Fast forward a year and I am in a so much better place!

  • We have our routine pretty much sorted, Lilah is sleeping so much better since the help of Tressillian and a sleep consultant, the girls are enjoying each others company so much more, 
  • I have made so many new connections within the TS community- who give me strength, courage and many helpful resources, 
  • I feel like I am on top of most our appointments and day to day activities 
  • I have finally got to a point where discussing or thinking about Lilah's syndrome doesn't make me break down into tears! 
  • I am less reactive of others opinions/ reactions! 
  • More than anything I am mostly living in the moment enjoying my life with my girls and husband, 
  • I am truly so amazed and so proud of both my girls- especially Amelia amazed at how much of a caring, loving, fun big sister she is and how well she has dealt with all the upheaval of our past predictable steady life and 
  • I now am also able to celebrate every milestone and new thing Lilah is learning rather than spending every second of the day worrying about the "what if's"... 
  • I also now understanding that Lilah is running her own race!

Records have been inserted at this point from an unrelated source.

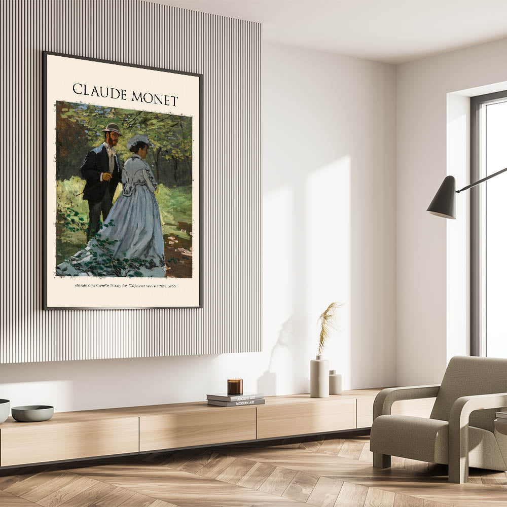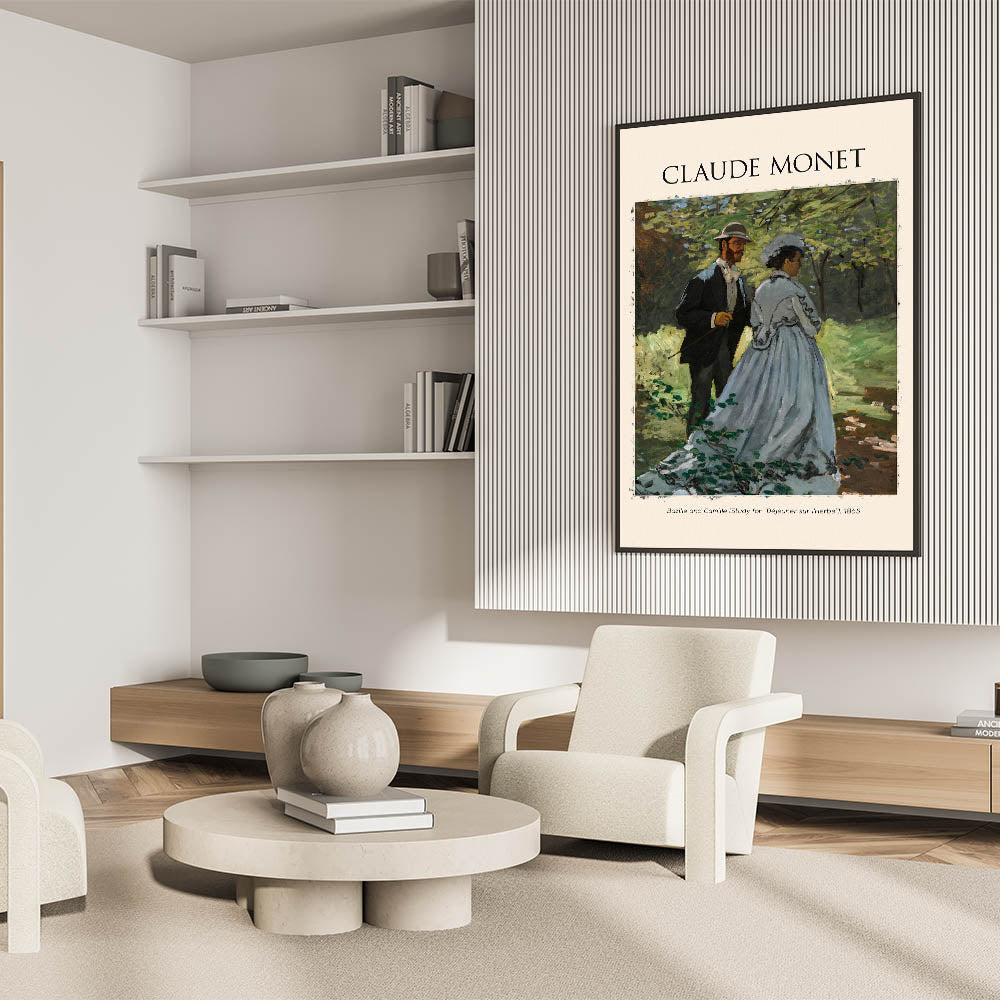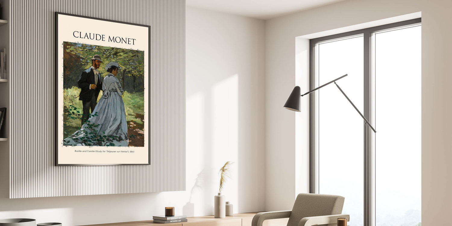 Capture the elegance of Claude Monet's early work with "Bazille and Camille (Study for 'Déjeuner sur l'Herbe'), 1865." This stunning piece portrays two figures, Bazille and Camille, in a peaceful outdoor setting. With Monet's expert brushwork and a muted color palette, this Impressionist study demonstrates his focus on light, shadow, and the subtleties of human interaction within nature. This iconic artwork makes an exquisite addition to any space, embodying the refinement of the Impressionist movement.
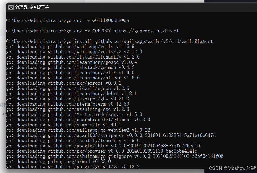 在 Windows 系统的命令行(CMD)中执行以下命令安装 Wails:
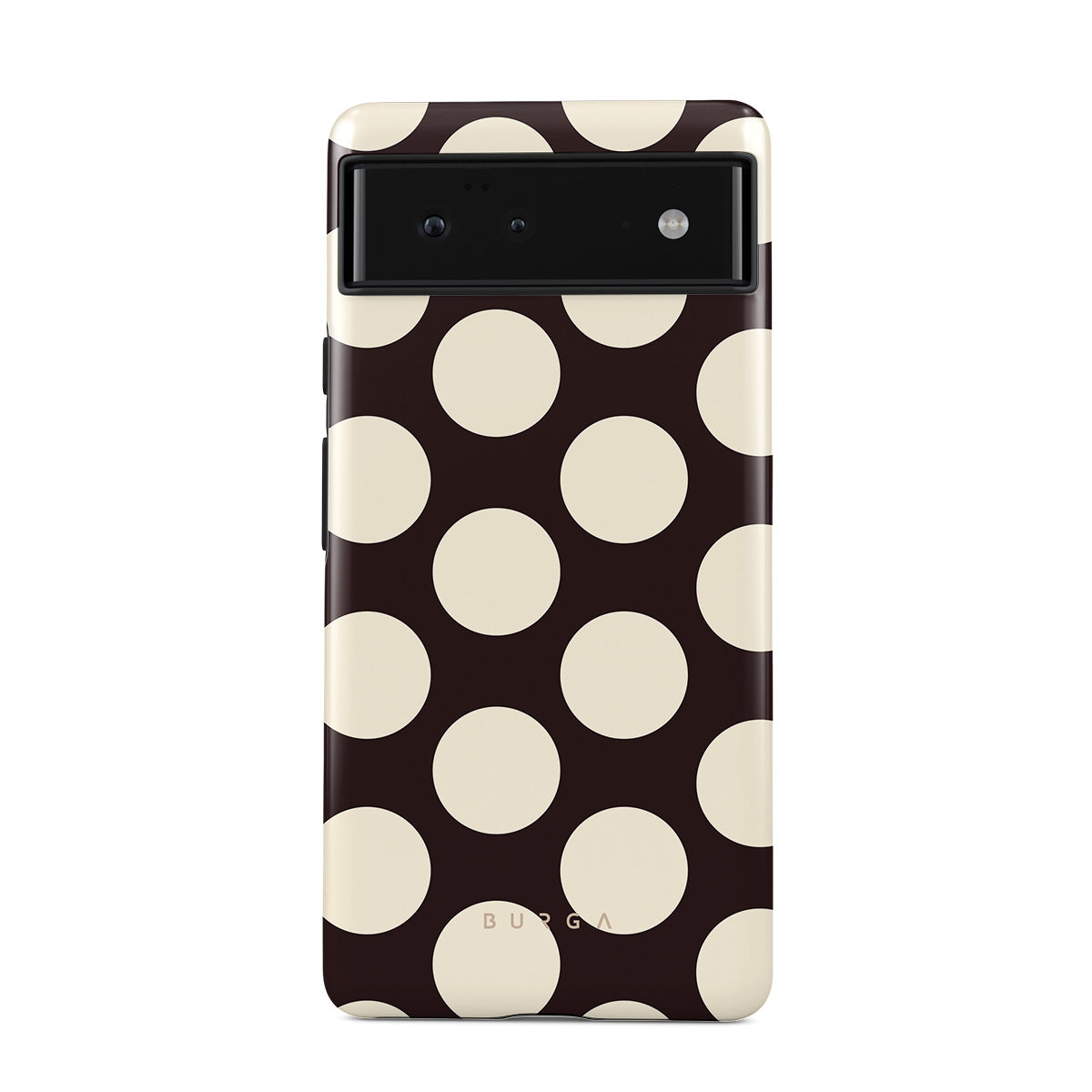 Kenmerken van dit design: grote crèmekleurige stippen op een donkere achtergrond.
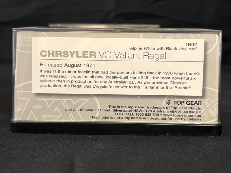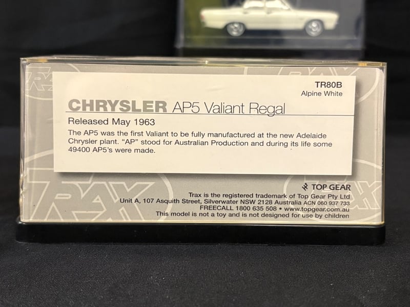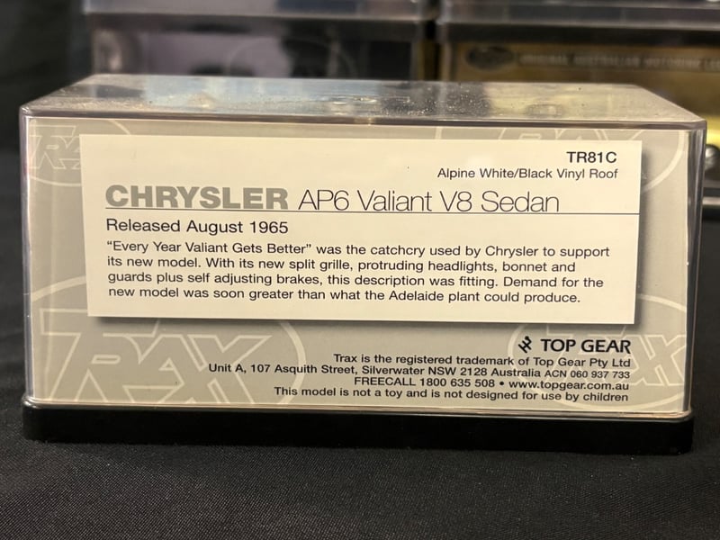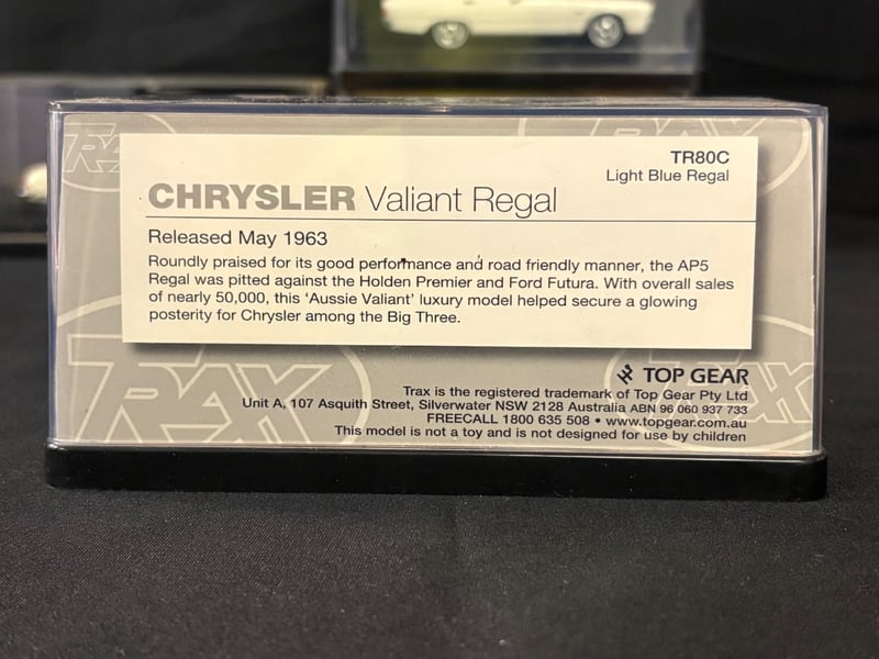 Trax “The Originals” 1:43 Scale Diecast Model Car Collection.Includes:Holden HT Premier Sedan – Tunisian Turquoise (TR82)Ford XD Falcon Utility (TR69)Holden HK Premier Sedan – Silver Mink (TR68)Holden EK Premier Sedan 50th Anniversary Edition – Euroa Gold/Fowlers Ivory (TR21G)Holden FB Special Station Sedan – Glade Green/Woodsman Green (TR87C)Chrysler AP6 Valiant V8 Sedan – Alpine White/Black Vinyl Roof (TR81C)Chrysler Valiant Regal – Light Blue Regal (TR80C)
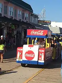 The Sightseers Tram Car (commonly referred to as the Tramcar) is a trackless train service running on the Boardwalk in the Cape May County, New Jersey communities of Wildwood and North Wildwood.[1] The service, which began on June 11, 1949,[2] takes passengers along the two-mile long Wildwood boardwalk. Service is available at all points along the boardwalk, from the beginning at Cresse Avenue to the end at 16th Avenue in North Wildwood.
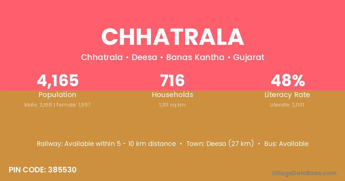 Deesa (27 km) is the nearest town to Chhatrala village for major economic activities and is located approximately 27 km away.
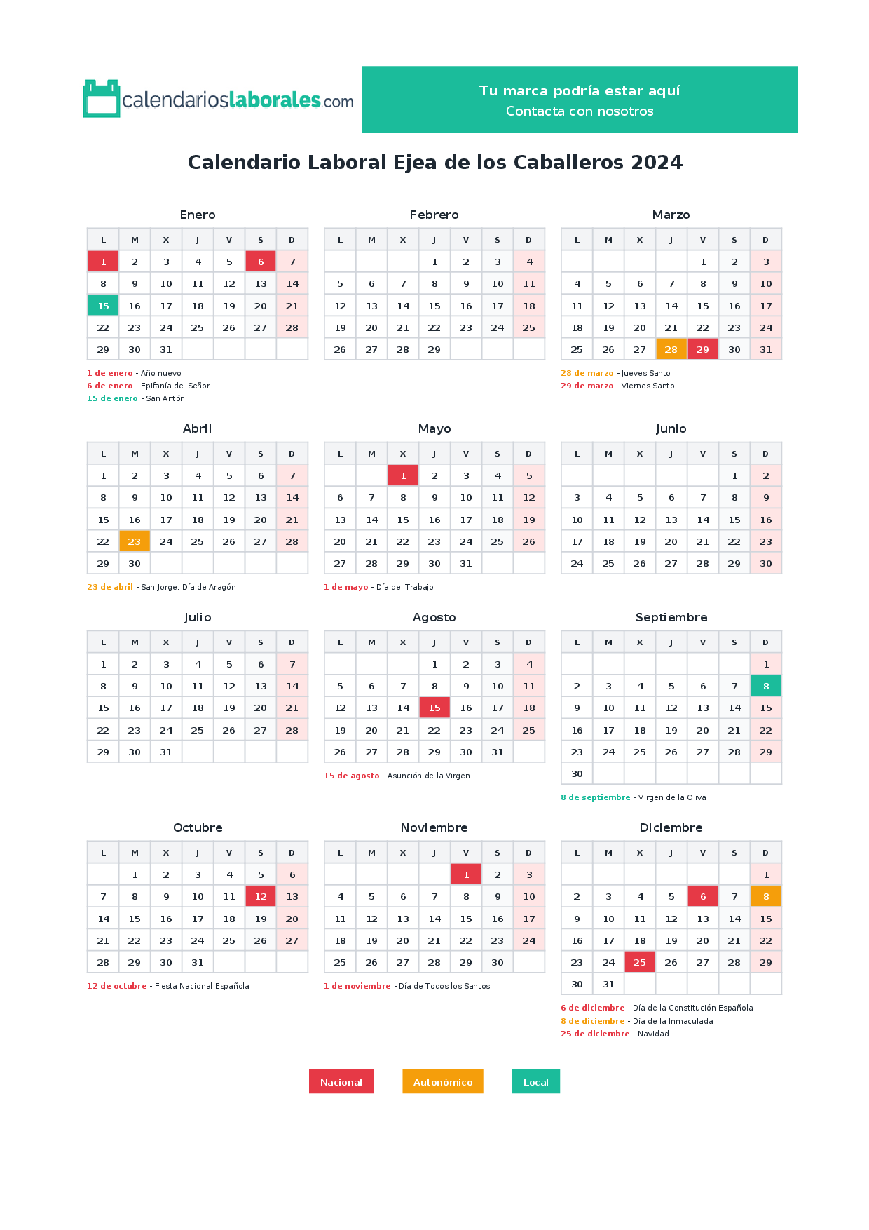 En 2024, 9 festivos nacionales se celebran en todo el territorio español, incluidos en el calendario laboral de Ejea de los Caballeros.
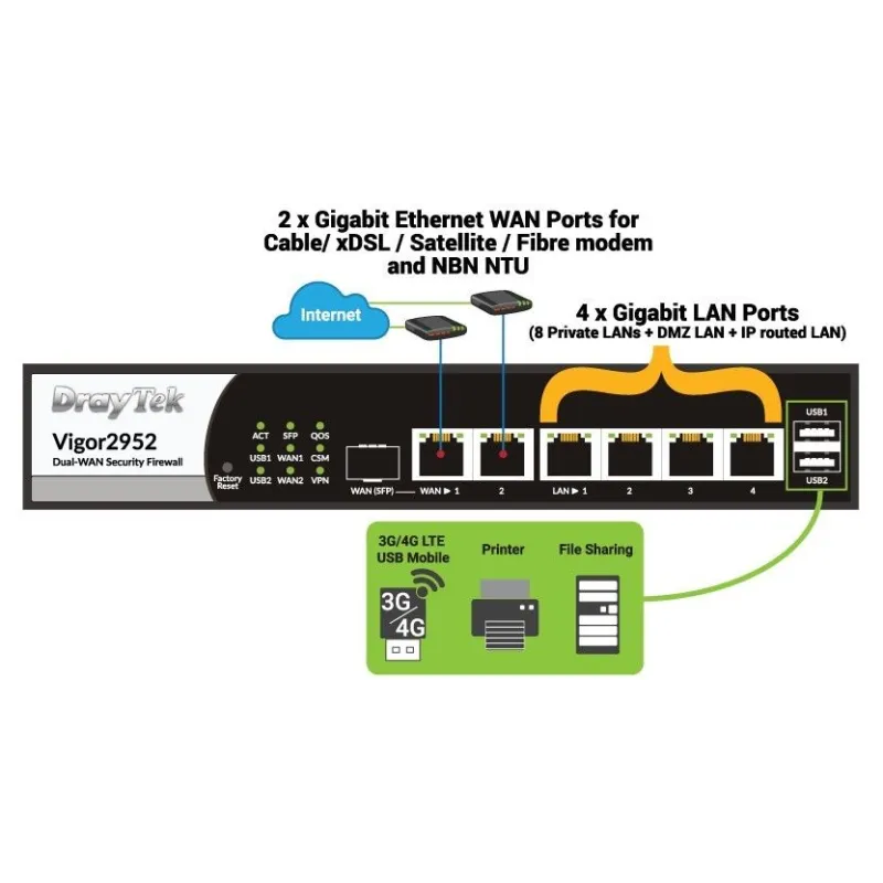 DrayTek Vigor2952 Dual WAN Load-Balance VPN Firewall Router, Internet 2 คู่สาย VPN 200 Tunnels, 60000 NAT Sessions, 500Mbps, QOS, VLAN, รองรับ 4G LTE Modem
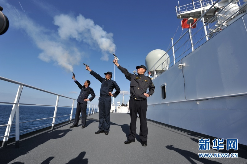 海軍、海監(jiān)、漁政部門人員共同發(fā)射信號彈。“東海協(xié)作—2012演習”軍地海上聯(lián)合維權演習正式開始。虞起正 攝
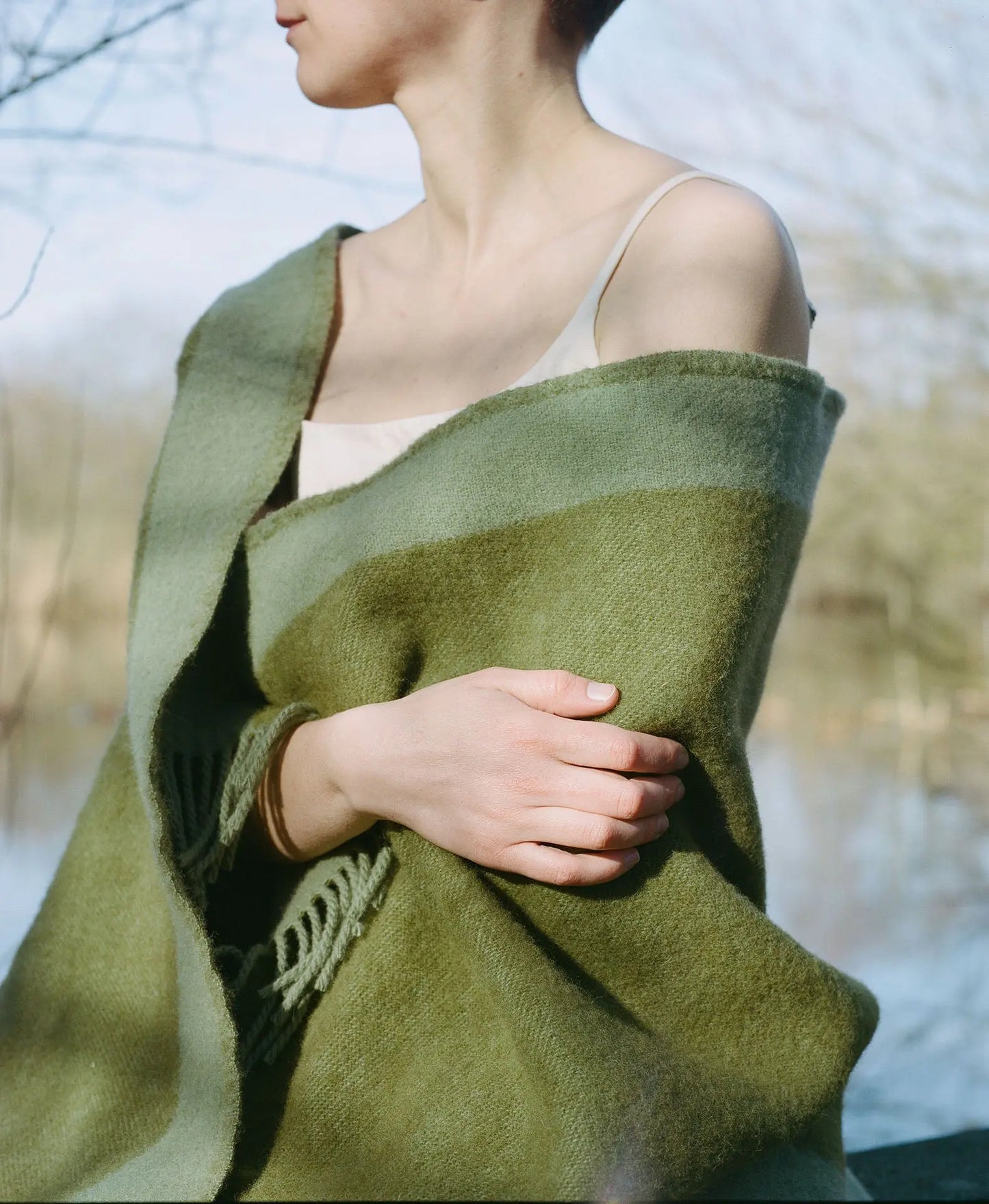 Generously sized, luxuriously thick, and beautifully woven, STREAM Moss Green offers exceptional comfort and versatility. Whether you’re cosying up indoors or enjoying the evening air outdoors, this blanket wraps you in softness and warmth. Its breathable wool construction makes it equally suitable for year-round use, blending practicality with timeless design.
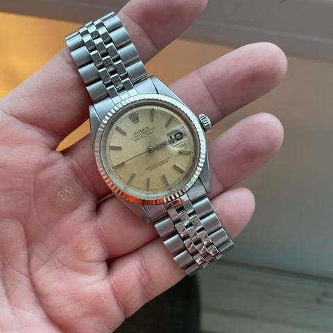 En sällsynt, vintage Rolex Skyrocket som bär på en hel del historia, perfekt för samlaren. Manuellt urverk med en gångreserv på 40 timmar. Fungerar och håller tiden mycket väl, trots sina 83 år.
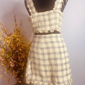 Elevate your wardrobe with this chic tweed skirt set. The cream and black pattern adds a touch of sophistication, perfect for any occasion.
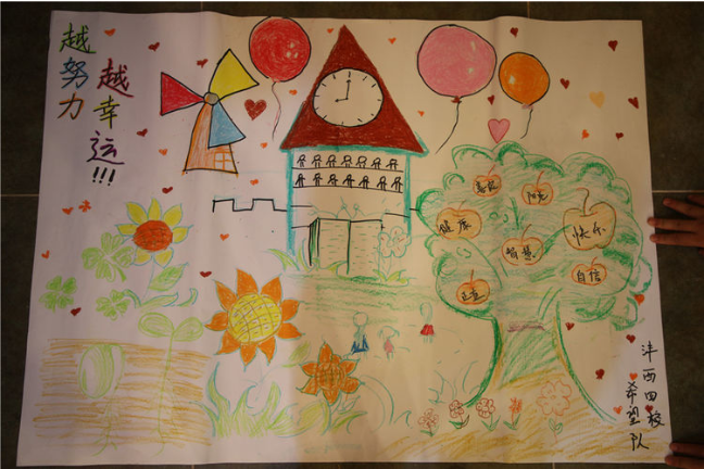 要点2:“越努力越幸运”这架在彩虹上的字是七彩的,作为教师需要保持拼劲,要未雨绸缪的努力,才会有机会开出幸运的花朵。
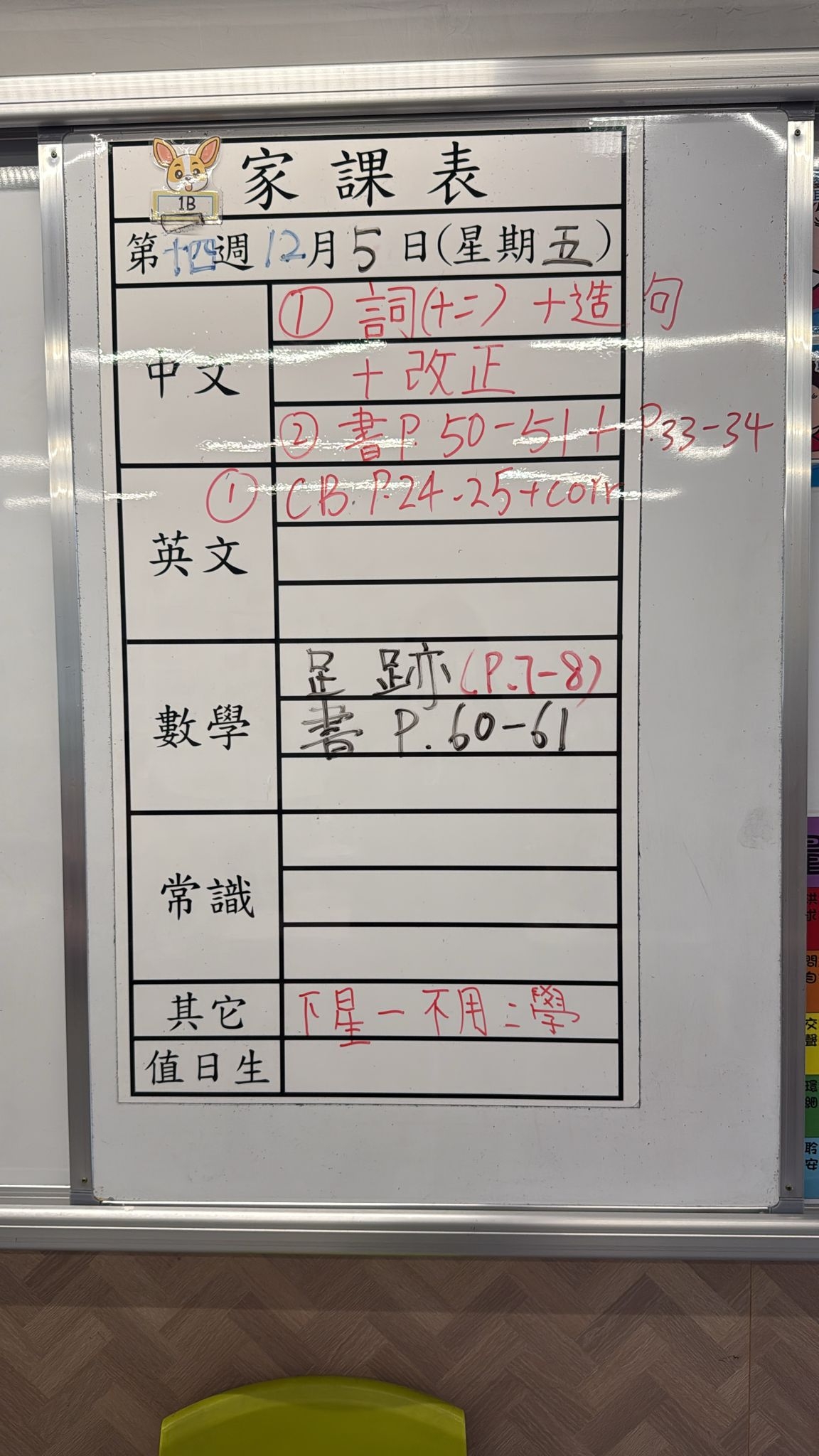2025-10-23 週四發出之家課:

I truly feel like a different person! Back to my old fun, calmer self but slightly different, wiser, with a whole new view on life! Stronger, more compassionate, a better outlook, more deeply grateful for all that we are, all that we have in our lives!

So I guess my point of this blog is that if you are in a place where you are going through new struggles, new emotions and feel like you have lost your way... remember to breathe, be present, be grateful, reach out for help and know that "this too shall pass"! Soon you too will be looking back and reflecting on how far you have come and celebrating the challenges you have conquered!